Перейдем затем к показанию Лейхфельда в том виде, как оно представлено вам товарищем прокурора — в том виде, в каком он извлек его из различных противоречивых показаний свидетелей. Он дает этому показанию полную веру и основывает на нем все свои заключения прежде всего потому, что не видит ни малейшего основания сомневаться в правдивости слов Лейхфельда. Я точно так же далек, господа присяжные, от того, чтобы на человека умирающего, человека, ничем не запятнанного, бросать какое-либо подозрение, но не могу не сказать, что мнение господина товарища прокурора о Лейхфельде, как о человеке безусловно добром, безусловно правдивом, представляется основанным на данных довольно шатких! Я слышал из показаний Розенберга, что Лейхфельд был характера слабого, больше я ничего не слыхал! Мне кажется, он не говорил о доброте Лейхфельда, и следовательно, нет достаточного основания ставить Лейхфельда на тот пьедестал, на который возводит его товарищ прокурора.

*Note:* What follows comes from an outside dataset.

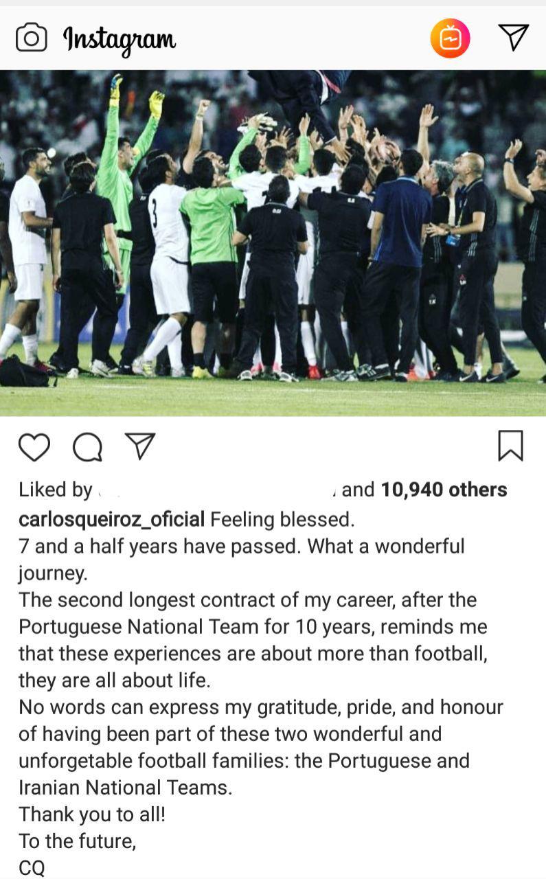 سرمربی پرتغالی تیم ملی دقایقی پیش در صفحه شخصی خود در اینستاگرام بیانیهای منتشر کرده است.

Что касается до показаний Грешнера и Феоктистова, то мне кажется, что мы не только можем, но и должны их совершенно отбросить! Вы помните, что Грешнер объясняет, что Лейхфельд рассказывал ему подробности происшествия накануне или в самый день смерти. Вы знаете между тем из скорбного листа, что как в день смерти, так и накануне и даже за три дня перед смертью покойный Лейхфельд не был в полном уме и здравой памяти; сознание его было неясно, он бредил. Мы имеем по этому предмету показания эксперта Майделя, что лихорадочное состояние, сопровождаемое бредом, неясными представлениями, обнаруживается прежде всего в учащенном пульсе. Так вот, в тот день, когда происходила беседа Грешнера с Лейхфельдом, пульс последнего возвысился до ста тридцати двух ударов в минуту, то есть значительно превосходил ту мерку, которая, по показаниям эксперта, отделяет пульс лихорадочный обыкновенный от пульса лихорадочного полного.
Остается только показание Розенберга. Нисколько не отвергая его истинности, я нахожу в нем черты, говорящие более в пользу подсудимой, нежели против нее. Во-первых, Розенберг показал положительно, что о подробностях происшествия он говорил с Лейхфельдом только один раз. Когда был этот разговор, мы не знаем, может быть, в один из тех дней, когда Лейхфельд находился в лихорадочном состоянии и не мог отдавать себе полного отчета в том, что происходило. Затем несколько раз происходили между Розенбергом и Лейхфельдом разговоры только о тех причинах, которые могли побудить Рыбаковскую сделать выстрел. Вы знаете, что Лейхфельд на этот вопрос Розенберга, повторенный несколько раз, давал постоянно один и тот же ответ, а именно, что он не знает, не подозревает даже и не может себе дать отчет в том, какая причина побудила Рыбаковскую к совершению этого поступка. Мне кажется, что именно это обстоятельство служит доказательством того, что Лейхфельд не был даже убежден в том, что Рыбаковская совершила выстрел умышленно! Если бы он был убежден, то, без сомнения, не мог бы затрудниться в объяснении побудительной причины поступка Рыбаковской и мог бы приписать его, как приписывает обвинительная власть, той злости, которая появилась в Рыбаковской вследствие решимости Лейхфельда расстаться с нею. Но он даже не пытается представить такое объяснение! Он положительно говорит, что не понимает причину поступка обвиняемой, и показывает тем самым, что в его глазах убеждение в умышленности выстрела далеко не было так твердо, как теперь показывают его свидетели!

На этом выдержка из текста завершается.